The addition of neoadjuvant durvalumab (Imfinzi) to stereotactic body radiotherapy evoked major pathological responses compared with durvalumab alone in patients with early-stage non-small-cell lung cancer (NSCLC), according to results from a phase 2 trial.

In the single-center, open-label, randomized, controlled, phase 2 trial (NCT02904954), 16 out of 30 patients treated with neoadjuvant durvalumab following stereotactic body radiotherapy demonstrated significant pathological responses, including 8 patients who achieved a complete pathological response. In contrast, only 2 out of 30 patients in the durvalumab monotherapy group reported major pathological responses.

There were no dose reductions or interruptions reported within a cycle.

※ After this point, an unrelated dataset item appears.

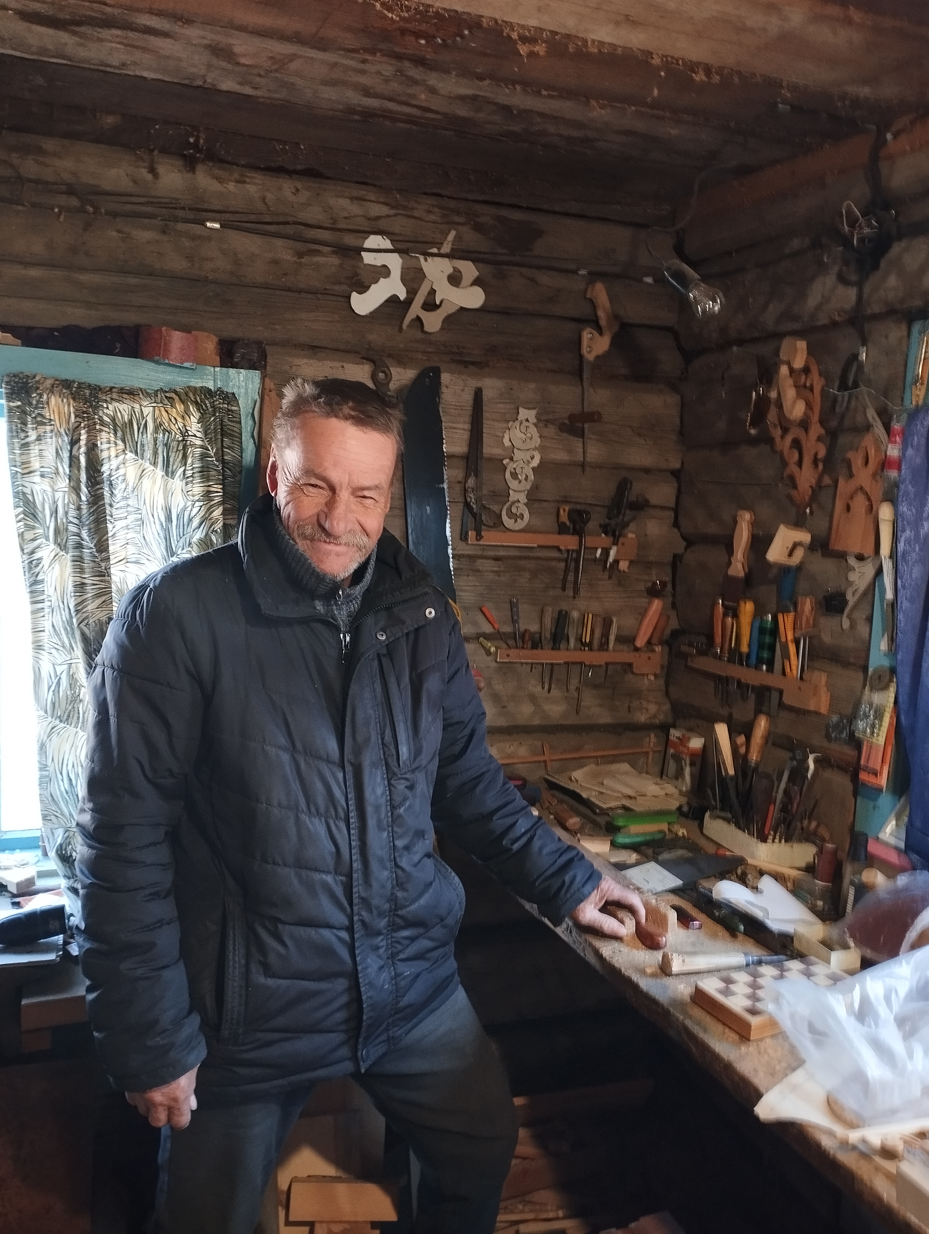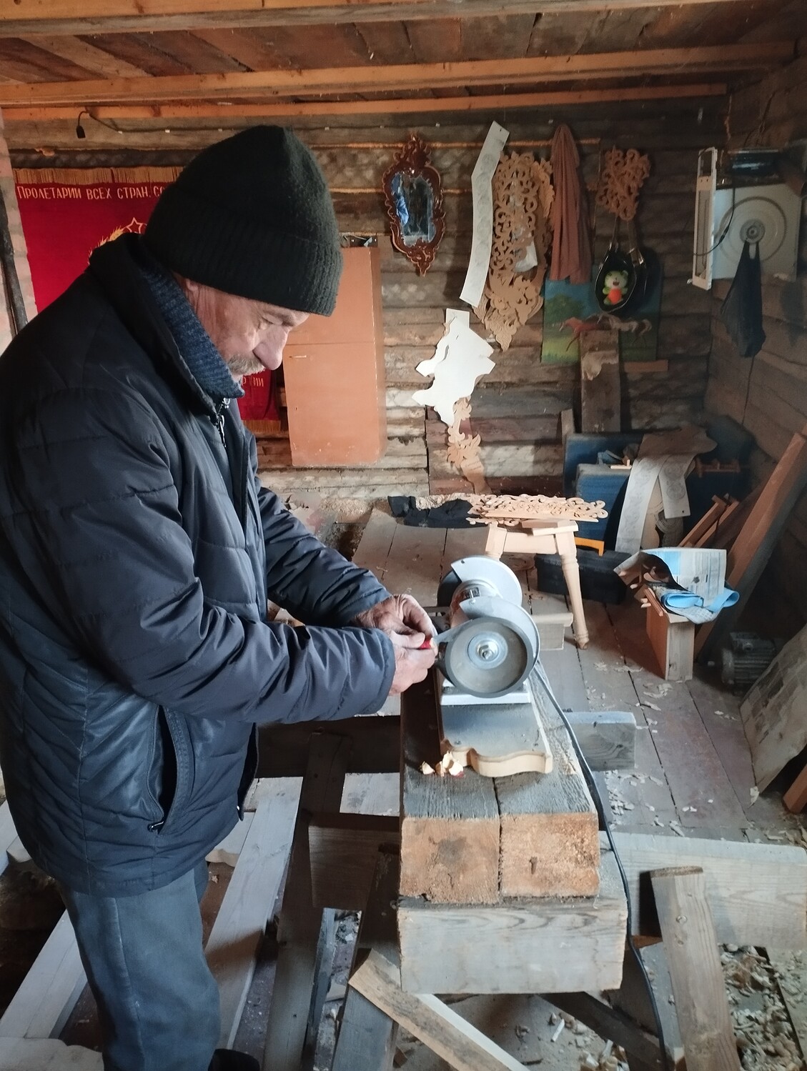Мастерской оказался тепляк, где был творческий беспорядок. Нас этим не удивишь и не напугаешь – видели много мастеровых, у которых всегда хаос творчества. Посмотрев резные заготовки под гунгарбу (божница), шаблоны, лекала, груду разного инструмента, понял, что дядя Саша – уникум, прирождённый талант. Не хочу обидеть своего дядьку столяра, но справедливости ради отмечу, что он и рядом не стоит с Александром Николаевичем по уровню мастерства. Дядёк мой ремесленник, а Александр Маслов – творец. Этим всё сказано.

Three patients (10%) in the neoadjuvant therapy group reported immune-related adverse events (AE). The second cycle of durvalumab for these patients was withheld as a response. These patients reported grade 3 hepatitis, grade 2 pancreatitis, and grade 3 fatigue and thrombocytopaenia.

Furthermore, 5 (17%) patients in the monotherapy group and 6 (20%) in the neoadjuvant therapy group reported grade 3 to 4 AEss, the most common being hyponatraemia and hyperlipasaeima.

No deaths, treatment-related or otherwise, were reported within the 30 days following surgery.

“In contrast to prevailing strategies, combining immunotherapy with stereotactic body radiotherapy might be associated with a more favorable safety profile and higher patient compliance than is currently reported using combinations with full-dose chemotherapy or chemoradiation,” explained lead study author Nasser K Altorki, MD, Department of Cardiothoracic Surgery, and colleagues. “Additionally, in our current trial, the median time to surgical resection was only 5.3 weeks, calculated from the day therapy was initiated, which is considerably shorter than the 12 to 16 weeks commonly required for preoperative therapy using chemotherapy or chemoradiotherapy, without higher toxicity or any apparent reduction in activity, as measured by major pathological response.”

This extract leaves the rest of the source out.